Although some studies have demonstrated the association of vitamin D status with gait speed and handgrip strength, the exact effects of vitamin D supplementation remain uncertain. In a randomized controlled trial [41], participants undergoing hemodialysis were allocated to receive 50,000 IU cholecalciferol or placebo once weekly for eight weeks and then monthly for four months. Over the 6-month follow-up period, no significant differences were found in handgrip strength between the groups. Another self-controlled study [42] included patients on peritoneal dialysis who were prescribed cholecalciferol, 50,000 IU orally once per week for 4–8 weeks. The investigators found that vitamin D supplementation significantly improved handgrip strength from 26.0 to 27.7 kg and gait velocity test from 27.7 ± 3.2 to 25.8 ± 2.9 s. However, the study samples were both relatively small and only 60 and 47 dialysis patients were included, respectively. Furthermore, only 21 patients in the cholecalciferol group (70%) and 24 patients in the placebo group (80%) returned for scheduled 6-month follow-up evaluations in the randomized controlled trial [41]. A high withdrawal rate can lead to bias [43]. The effects of vitamin D on gait speed and handgrip strength still require further exploration.

There were also some limitations in our study. First, the conclusion of this study was not robust. Although the linear regression analysis showed a positive association between 25(OH)D and gait speed and handgrip strength, the logistic analysis yielded nonsignificant results. The nonsignificant results may partially be explained by low power due to the small sample size. Meanwhile, when dichotomizing a continuous outcome to a binary outcome, information is lost and power is reduced [44,45,46]. Second, when 25(OH)D status was above 30 ng/ml, the association was unknown due to the lower baseline 25(OH)D status in our study. Third, this was an observational study, and patients with native vitamin D supplementation (e.g., ergocalciferol or cholecalciferol) were excluded; consequently, the findings might not indicate a causal relationship. It is still unknown if 25(OH)D is merely a marker or a direct cause of impaired gait speed and handgrip strength. Fourth, a chance finding could not confidently be excluded due to the small sample size. A large-scale randomized controlled study is needed to evaluate the effects of vitamin D administration. Fifth, based on inclusion and exclusion criteria, some patients with certain characteristics were not included. Meanwhile, the participants in our study had a lower 25(OH)D status. Hence, a sampling bias could not be excluded and the study population might not represent all the population of patients on hemodialysis. Sixth, we only examined handgrip strength on the dominant hand, but the maximal handgrip strength may occur on the non-dominant hand. Moreover, data on dietary factors were not collected in our study, and these factors were not adjusted in our regression model. Due to these limitations, we should be cautious about the generalizability of research conclusions.

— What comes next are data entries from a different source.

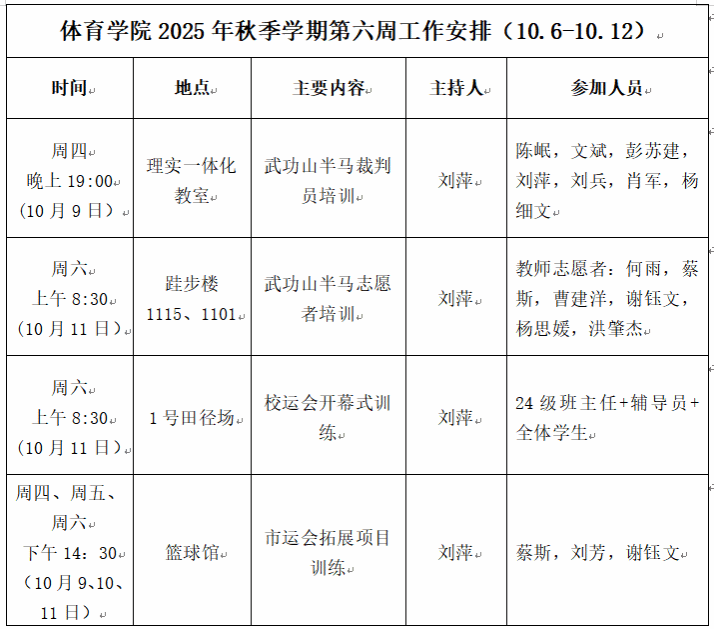 永利3044集团2025年秋季学期第六周工作安排(10.6—10.12)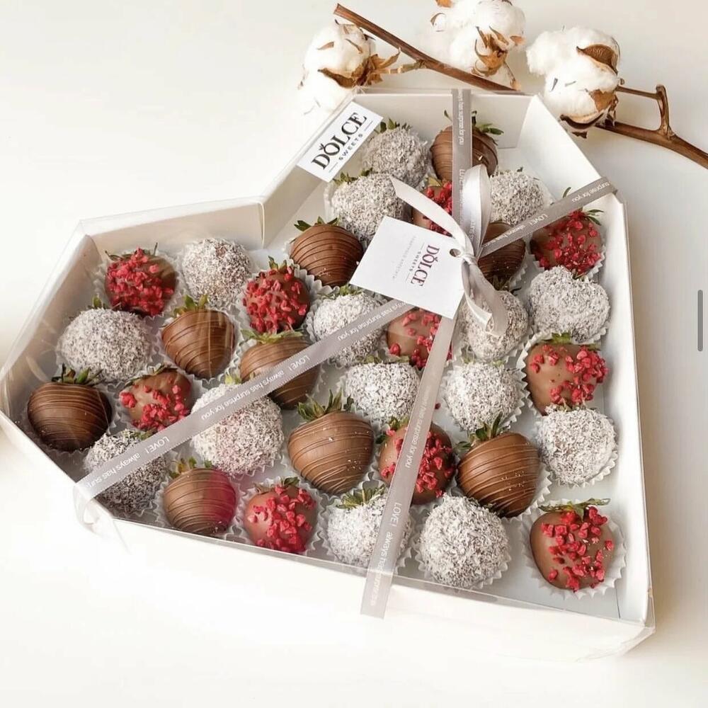 Клубничный бокс "Первое свидание", запомнится особенным вкусом сочной клубники в нежнейшем шоколаде!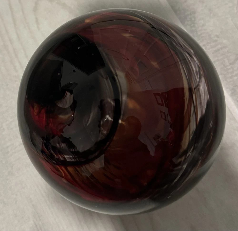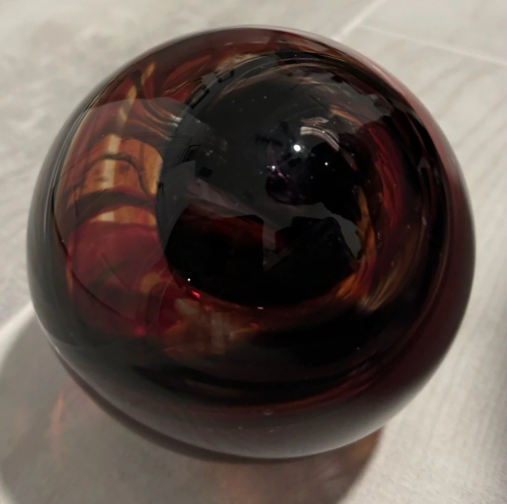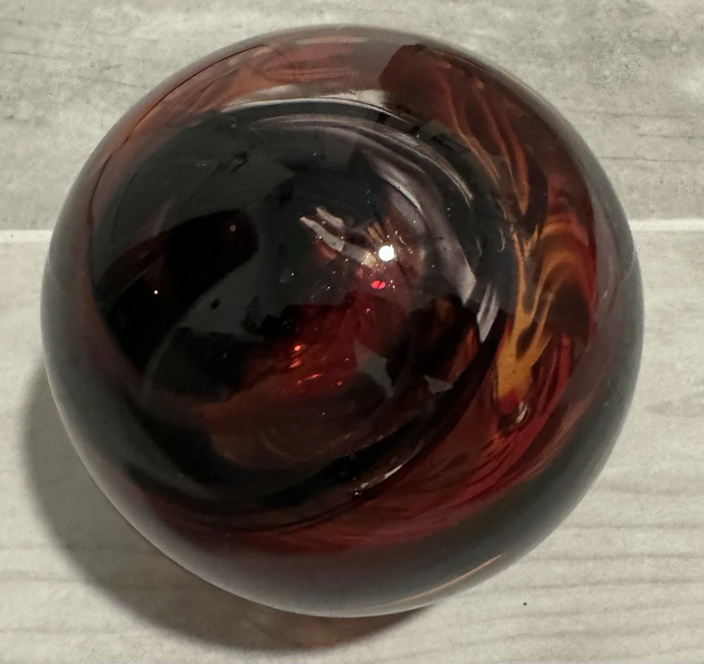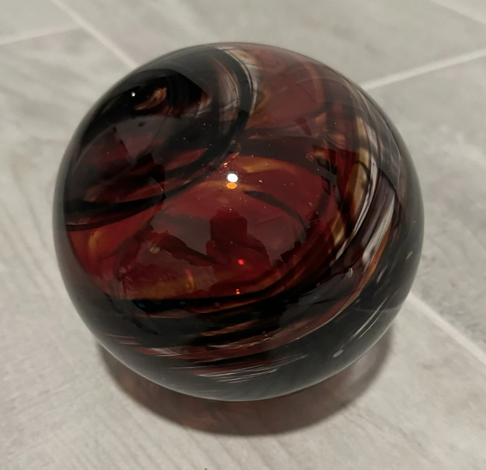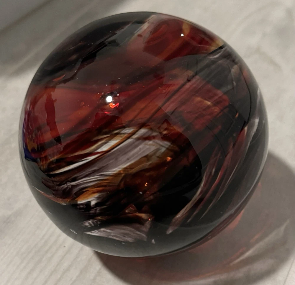 This beautiful glass ball is a stunning example of hand-blown art glass, made in Oregon in the 21st century. The swirling pattern and multi-colored design make it a unique and decorative piece, perfect for any mid-century modern or bohemian-inspired decor. Crafted with care and attention to detail, this unmarked ball is an original piece, made with high-quality glass materials. It features a smooth, seamless finish and a sturdy construction, ensuring that it will last for years to come. Whether you're looking for a statement piece for your office or a gift for a loved one, this glass ball is sure to impress. Around 6in in diameter and 6in tall. Calculation may vary.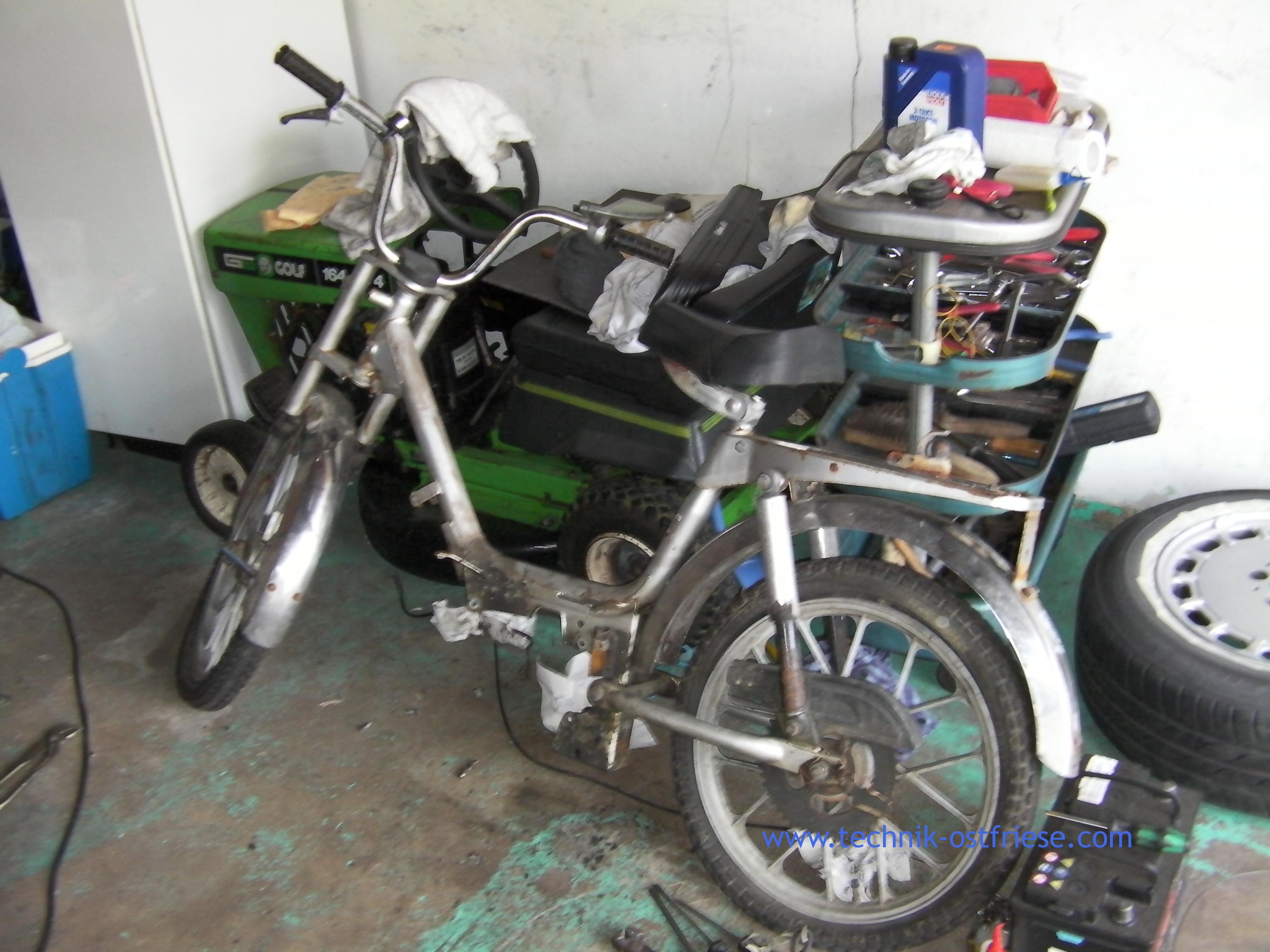 Bei der Abholung am Abend sah das Mofa eigentlich recht passabel aus. Am nächsten Tag konnte man dann jedoch folgende Sachen betrachten, deren Eindruck sich durch das Zerlegen der Komponenten weiter verstärkt hat:

In conclusion, our study demonstrated that 25(OH)D status was positively associated with gait speed and handgrip strength when gait speed and handgrip strength as continuous variables in patients on hemodialysis. However, further large-scale studies are needed to determine whether a causal relationship exists between 25(OH)D and gait speed and handgrip strength. The exact effects of vitamin D supplementation in dialysis patients should be further explored.

Practical application

25(OH)D seemed to be associated with gait speed and muscle strength in patients on hemodialysis. In patients with lower 25(OH)D status, sarcopenia should be assessed. In future research, whether there is a cause-effect relationship between them needs to be investigated. Once a cause-effect relationship is confirmed, vitamin D supplementation might offer skeletal health benefits in hemodialysis.